In this section we will analyze sentences of increasing complexity from a high level. In the next section we will follow parsing in detail from the bottom up.

   9!:3 (5) NB. Do this once to select simplified display
   &.
&.

With only one word, there are no operands and nothing to execute, so the result of the sentence is the word itself: the conjunction &. .

   −:&.^.
−:&.^.

The result of executing −:&.^., i. e. executing &. with −: and ^. as operands, is an anonymous verb. This anonymous verb will execute according to the definition of &. given operands −: and ^. (i. e. −:&.^. y will execute as ^ −: ^. y ).

Note that the conjunction &. is executed without reference to the argument(s) supplied to the anonymous verb (indeed, in this case there are no such argument(s) and the anonymous verb is the result of the sentence). We could assign the anonymous verb to a name, in which case it would no longer be anonymous (e. g. sqrt =: −:&.^.); without such an assignment we will refer to it here by the nickname av . The value of av is the verb described by −:&.^. .

   −:&.^. 16
4

We know that this is executed as ^ −: ^. 16; let's see how that happens. Conjunctions are executed before verbs, so first −:&.^. will be executed to produce the anonymous verb we called av . Then av is executed with the operand 16 . av operates according to the definition of &. : it produces the same result as ^ −: ^. 16 (but it may use a different algorithm than executing ^ −: ^. 16 directly).

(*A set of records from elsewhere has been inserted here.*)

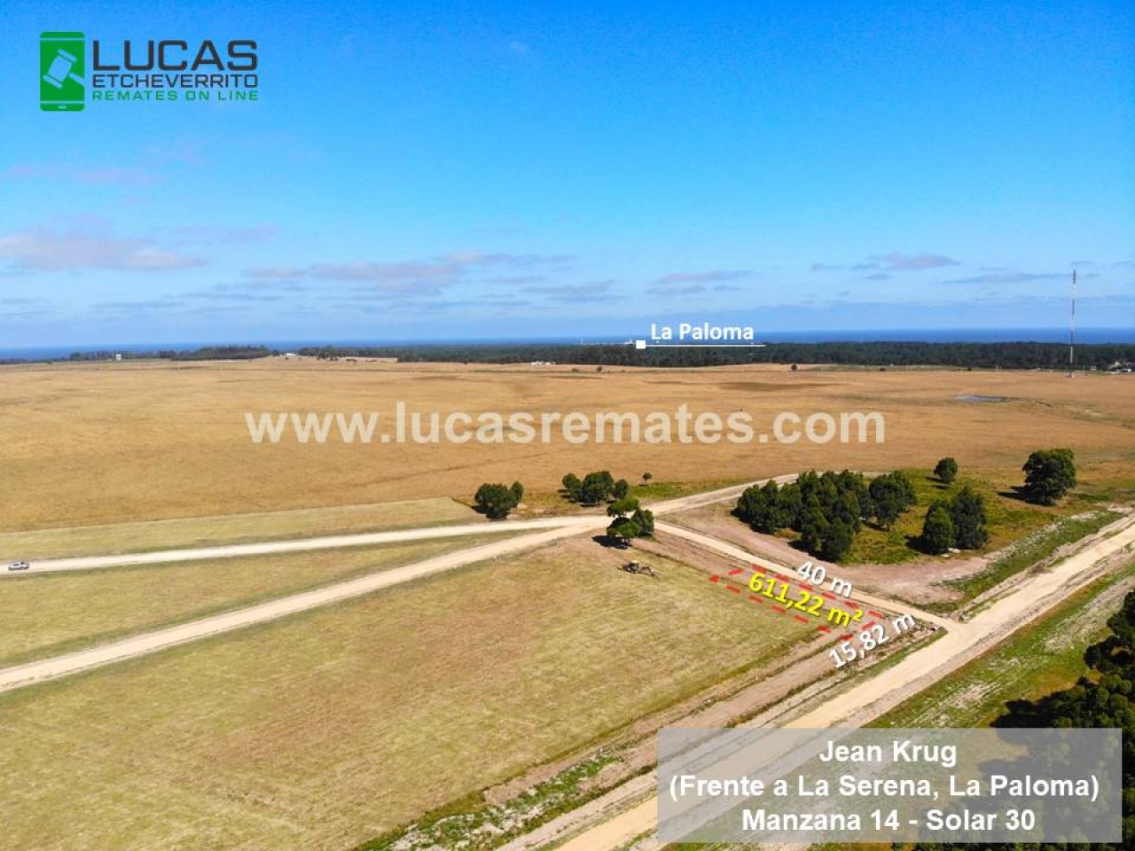 Muy buen terreno esquinero de 611,22 m2 a 5 minutos del Balneario La Paloma, Playa Serena y Laguna de Rocha. Se encuentra limpio, amojonado por agrimesor y con toda la contribución año 2026 pagada. Observaciones: Cuenta con una pendiente.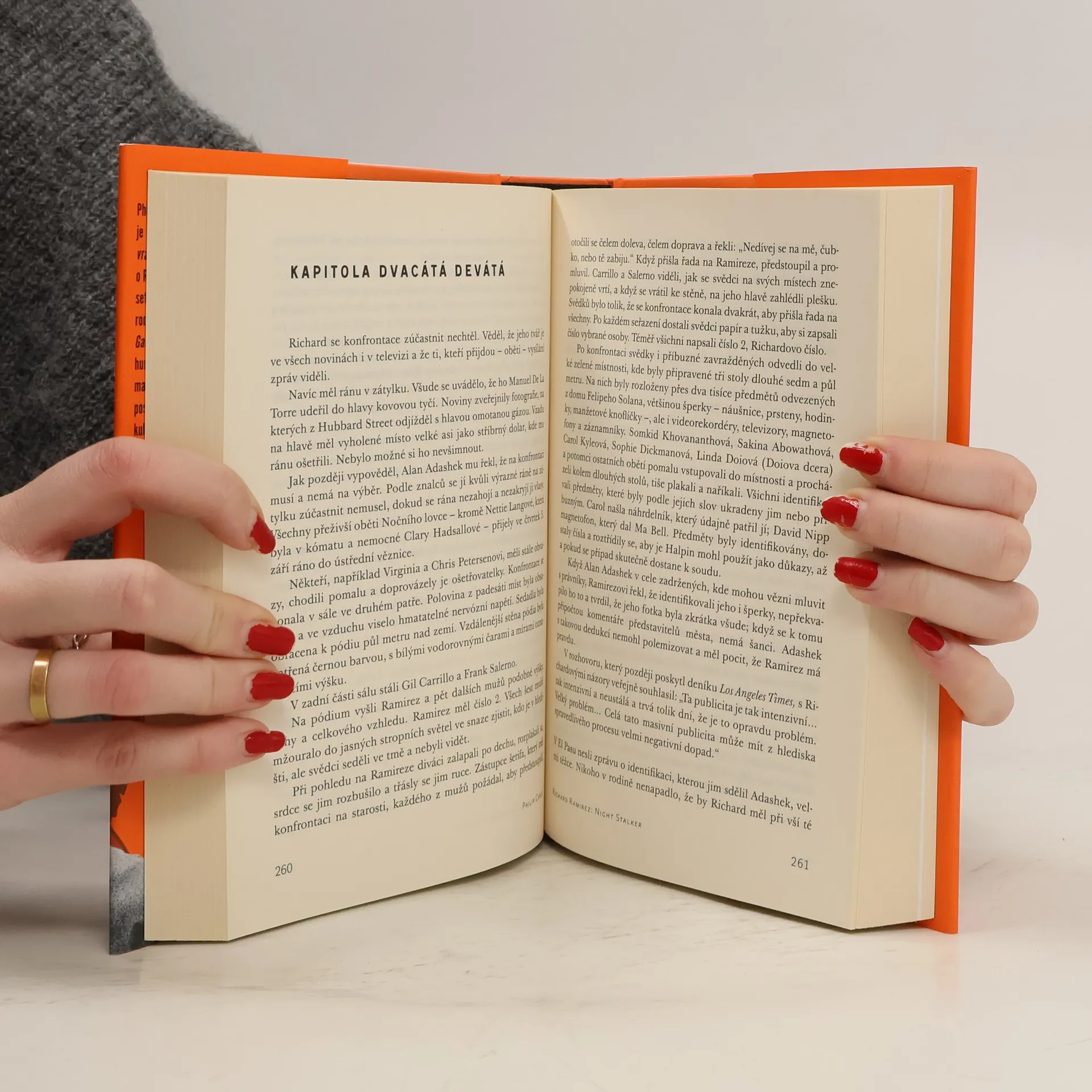 „Kdo je ten hezký kluk?,“ zeptala se zpěvačka Madonna, když šla do vězení navštívit svého manžela Seana Penna. V cele vedle herce seděl Richard Ramirez, obávaný Noční lovec, odsouzený 19x na smrt. I jeho charismatem a obrovským zástupem fanynek, z nichž si jednu dokonce v kriminále vzal, zatímco jiné se mu nenápadně odhalovaly během návštěv a on při tom masturboval rukou v kapse, se zabývá kniha Philipa Carla. Nejde ji nesrovnávat s nedávno vydaným Tedem Bundym, Carlův styl je chladnější, zpravodajský a většinu textu si drží profesionální odstup, byť jeho lehce ironické komentování Ramirezových fanynek v závěru je kouzelné. Autor vás hned zkraje vrhne do vražedného běsnění, kdy jeden bestiální čin střídá druhý a nenechá vás vydechnout. Brutalitu Ramirezova počínání umocňuje Carlův věcný projev a opravdu mrazivé popisy útoků obávaného vraha se na vás valí jako lavina. Po mordech se autor vrátí do Richardova dětství, poukáže na vliv bratrance, jehož kratochvílí ve Vietnamu bylo znásilňovat a zabíjet a portrét nelítostného vraha je kompletní. Vyčerpávající je táhnoucí se soudní proces, největší slabina celé knihy, Carlo jde opravdu do detailů a průběh líčení je chvílemi zdlouhavý, nejzajímavější je na něm Ramirezovo chování - od řinčení řetězy a provolávání slávy Satanovi, přes vrčení na média a úsměvy směrem k obdivovatelkám, či chvilky, kdy rošťácky házel prasátka soudci do očí pomocí kousku alobalu nalepeném na poznámkovém bloku.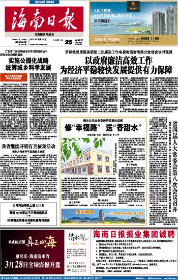 海南日报 头版 001 2009-03-251 2009年03月25日 星期三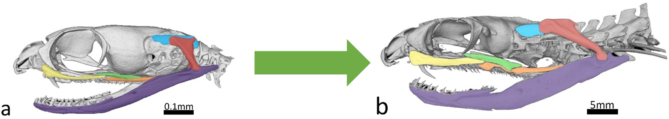 Understanding these changes in the anatomy of the skull and jaw bones has only been possible through the application of new scanning and computing methods. It demonstrates how micro-CT methods and shape analysis through Geometric Morphometrics can provide valuable insights into the morphology of animals and allow us to learn more about how these animals feed and how they adapt to different prey items.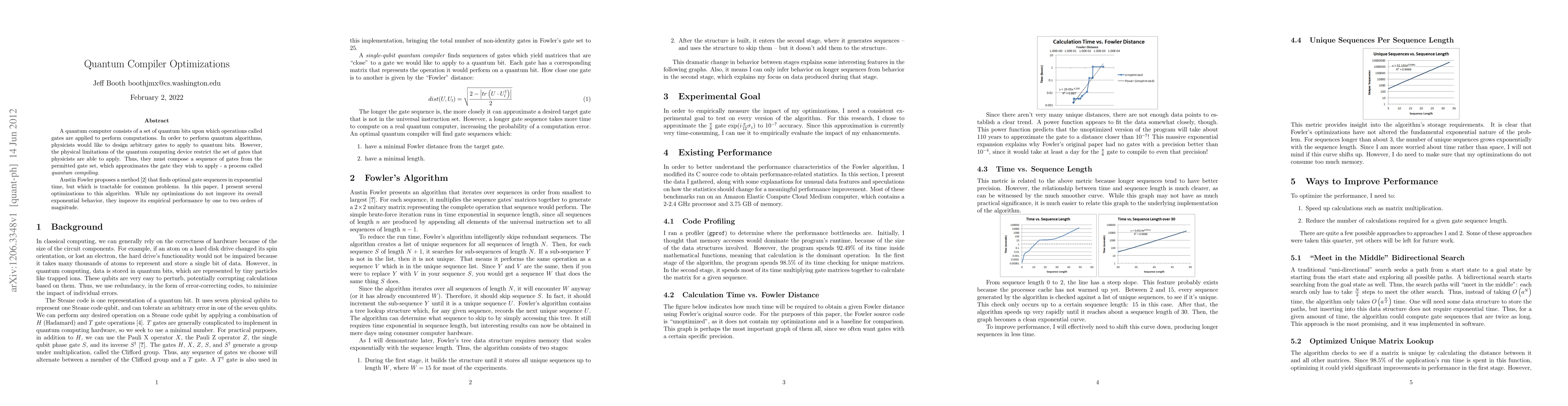 A quantum computer consists of a set of quantum bits upon which operations called gates are applied to perform computations. In order to perform quantum algorithms, physicists would like to design arbitrary gates to apply to quantum bits. However, the physical limitations of the quantum computing device restrict the set of gates that physicists are able to apply. Thus, they must compose a sequence of gates from the permitted gate set, which approximates the gate they wish to apply - a process called quantum compiling. Austin Fowler proposes a method that finds optimal gate sequences in exponential time, but which is tractable for common problems. In this paper, I present several optimizations to this algorithm. While my optimizations do not improve its overall exponential behavior, they improve its empirical performance by one to two orders of magnitude.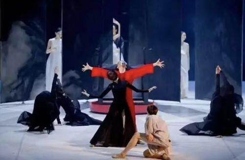 悬挂在舞台中央宽大的红袍是全剧最核心的道具,既是唐寅穷其一生追求的那片浮云,也是他永远无法弥合的伤痛。第一场中,一个几乎赤身裸体的男子深陷囹圄,挣扎于铁窗之下,那个青年人就是曾经独占鳌头的唐寅“唐解元”,他不幸卷入了一场“科场舞弊案”,不仅被革去功名,还要遭受牢狱之灾。悬挂在空中的那件红袍,如同掌控唐寅人生悲剧的宿命。如此沉重的话题,用舞蹈语汇来演绎是相当有难度的,这是本场中极大胆的舞美设计,演员写意式的表演也基本到位。只是剧中唐寅父母形象的出现让观众们感觉多余,使得舞台上显得有些杂乱,其实“学而优则仕”早就是中国社会的共识,高悬的官袍指代了整个中国古代科举制度。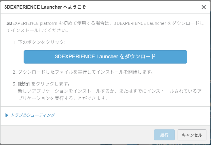 3DEXPERIENCE Launcherダウンロードのループ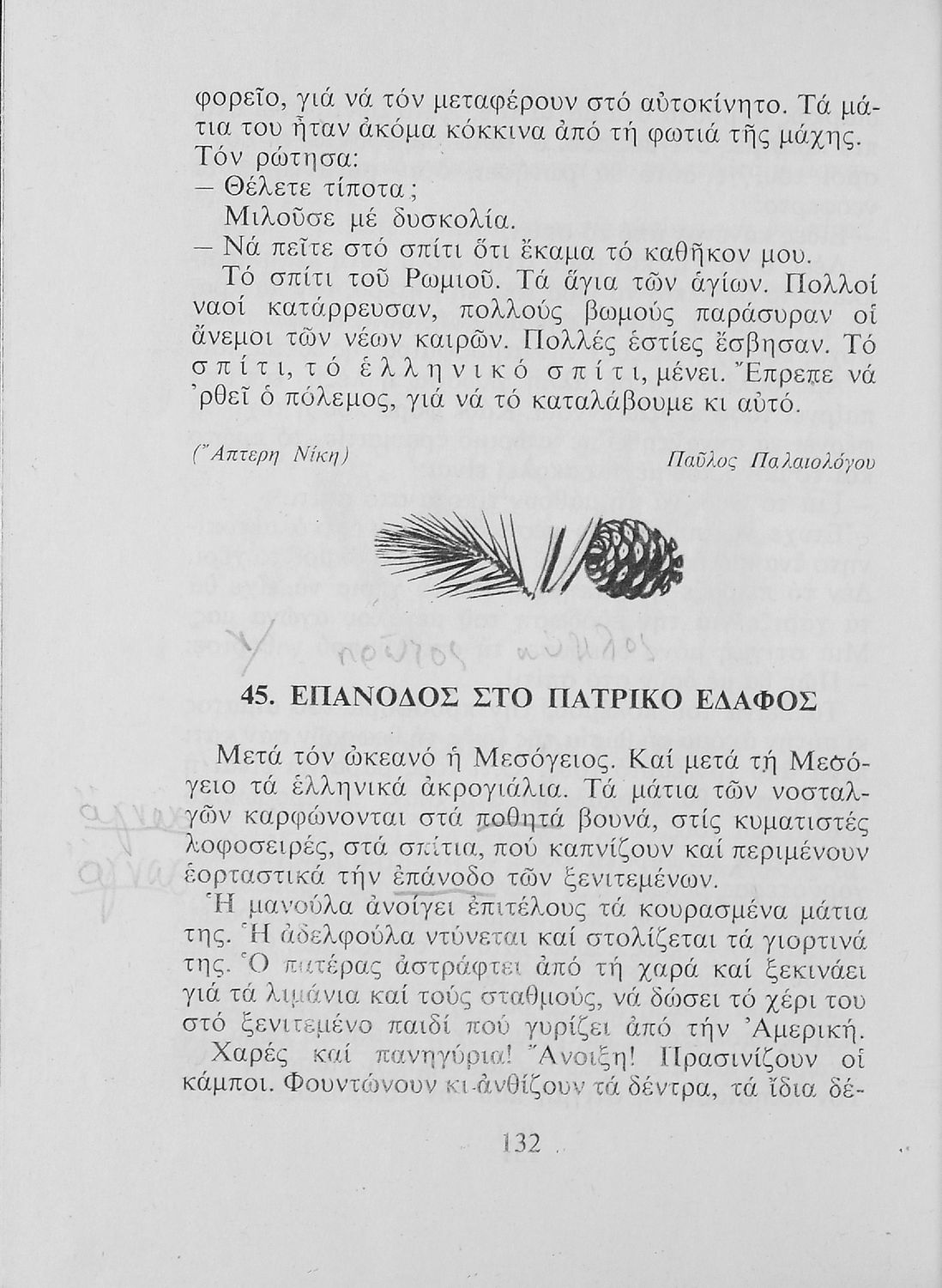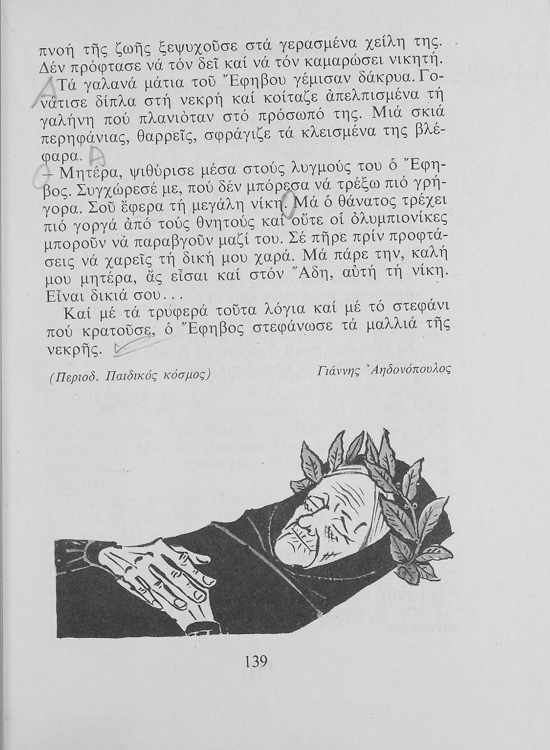 Αναγνωστικό Ε΄ Δημοτικού που περιέχει πεζά και ποιήματα εμπνευσμένα από τη θρησκευτική, εθνική, κοινωνική ζωή καθώς και από τις ασχολίες των Ελλήνων, την αρχαία και σύγχρονη ελληνική ιστορία και τον πολιτισμό. Περιλαμβάνει βιογραφίες των συγγραφέων.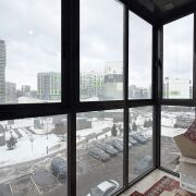 Просторная лоджия застеклена в пол.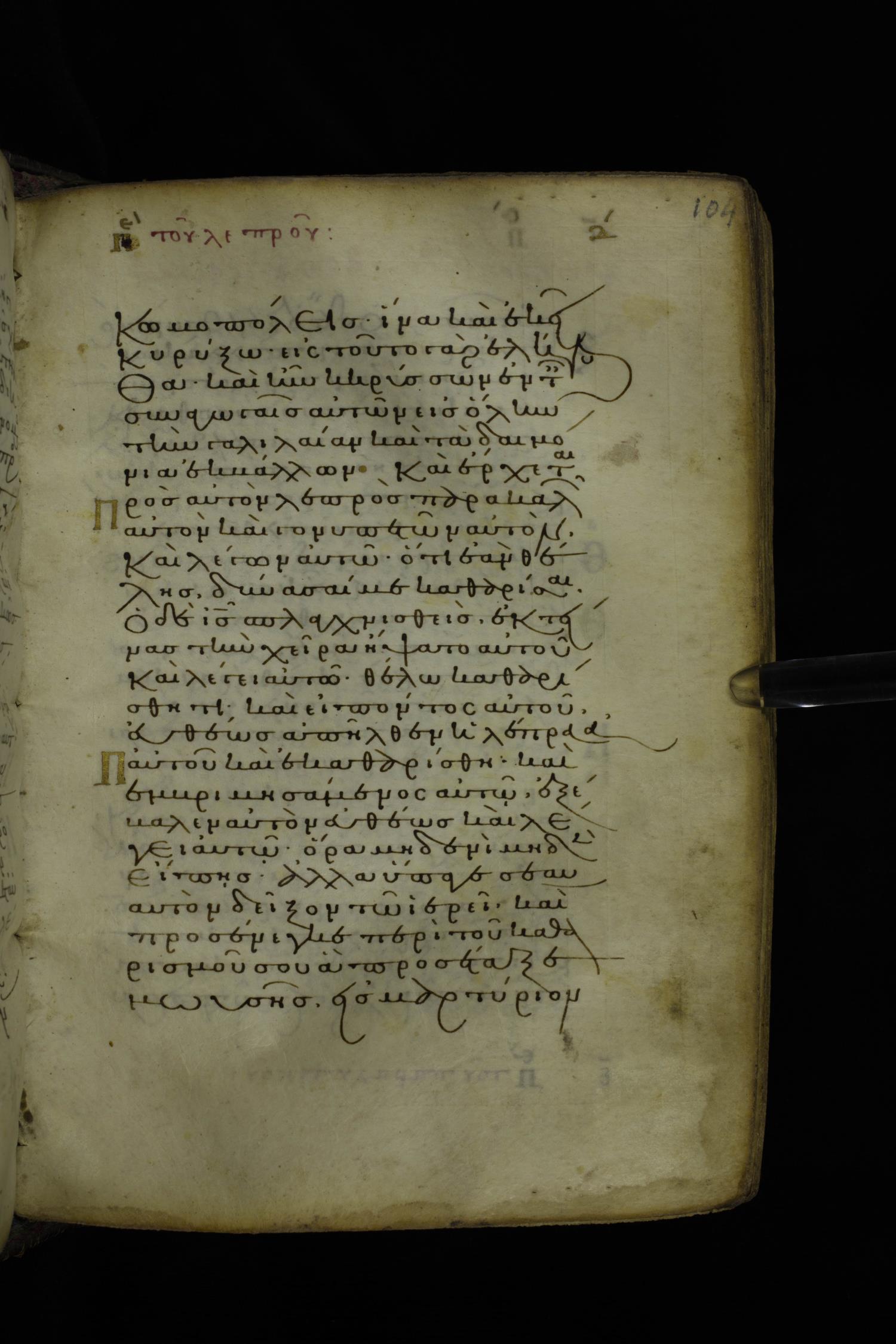 Twelfth century minuscule of the Gospel on parchment; 305 leaves, 1 column, 24 lines per column. Images were taken at the National Library of Greece in Athens.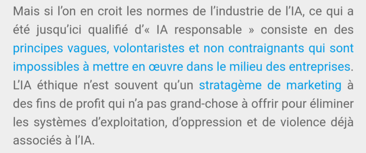C'est d'ailleurs pour cela que des problèmes de fonds.tels que l'exploitation des populations précaires ainsi que les #biais sexistes, racistes, validistes et LGBTQIA-phobes ne sont presque pas abordés.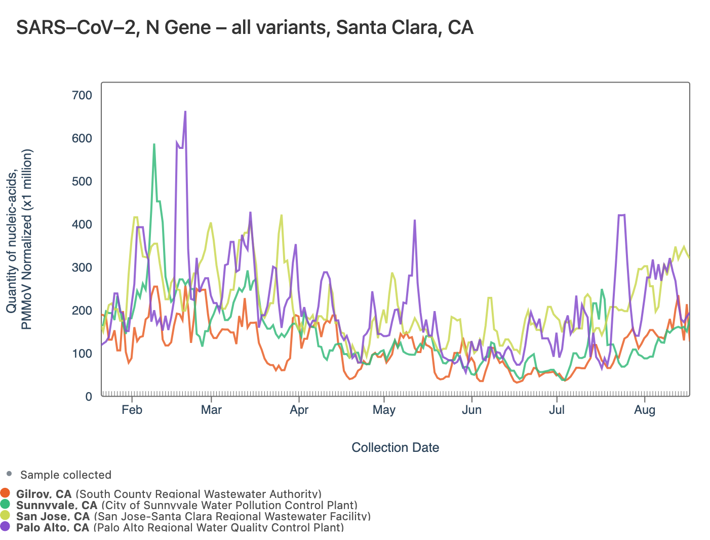 We ran a 2-week look period trend analysis on the plants for the N gene target using methods outlined in this peer-reviewed paper by our team (link to paper). The 2-week look period trend analysis on SARS-CoV-2 at SCAN plants indicates a significant downward trend at Silicon Valley Clean Water, and no trend at the other plants.

It might appear that &. was executed twice: once to create av and then again during the execution of av . No, it was executed only once, to create av . av operates according to the definition of &., but it is av that is executing, not &. . The confusion arises because of the way the interpreter displays av . There is no better way to show a verb that performs the function −:&.^. than to show the way the verb was created, i. e. with the characters '−:&.^.', but you should think of this as an exhibition of the pedigree of av, and an assurance of its good behavior, rather than a list of functions to be executed. In fact, part of the reason for J's good performance comes from its recognizing functions that can be combined efficiently and providing customized routines to handle anonymous verbs that call for those combinations.

Confusion between a conjunction and the anonymous verb it produces is most likely when the conjunction is one you wrote using conjunction define or 2 :n . In most cases the text of the conjunction actually describes a derived verb, and it is natural for you to say 'the conjunction C is executed with operands u, v, and y' rather than the more accurate 'the anonymous verb created by the application of C to u and v is executed, with u and v available during the interpretation of the text of C and with y as the operand'. Such confusion is almost always harmless, but let's go through a few examples so you can see the layers of execution:

   2 : 'u'
2 : 'u'

We execute 2 : 'u' and the result is an anonymous conjunction that we'll call ac1 . The display of ac1 shows where it came from. When ac1 is executed, its result will be its left operand.

   +: (2 : 'u') −:
+:

Here 2 : 'u' is executed first to produce ac1; then ac1 is executed with left operand of +: and right operand of −: . The result is an anonymous verb that we'll call av1 its value is the verb +: which was the left operand to ac1 .

   +: (2 : 'u') −: 5
10

Remember, (2 : 'u') is a conjunction (the conjunction we have called ac1), and conjunctions are executed before verbs, so this is executed as (+: (2 : 'u') −:) 5, which becomes av1 5 . We execute av1 with the operand . Monad +: doubles its operand, and the result is 10 .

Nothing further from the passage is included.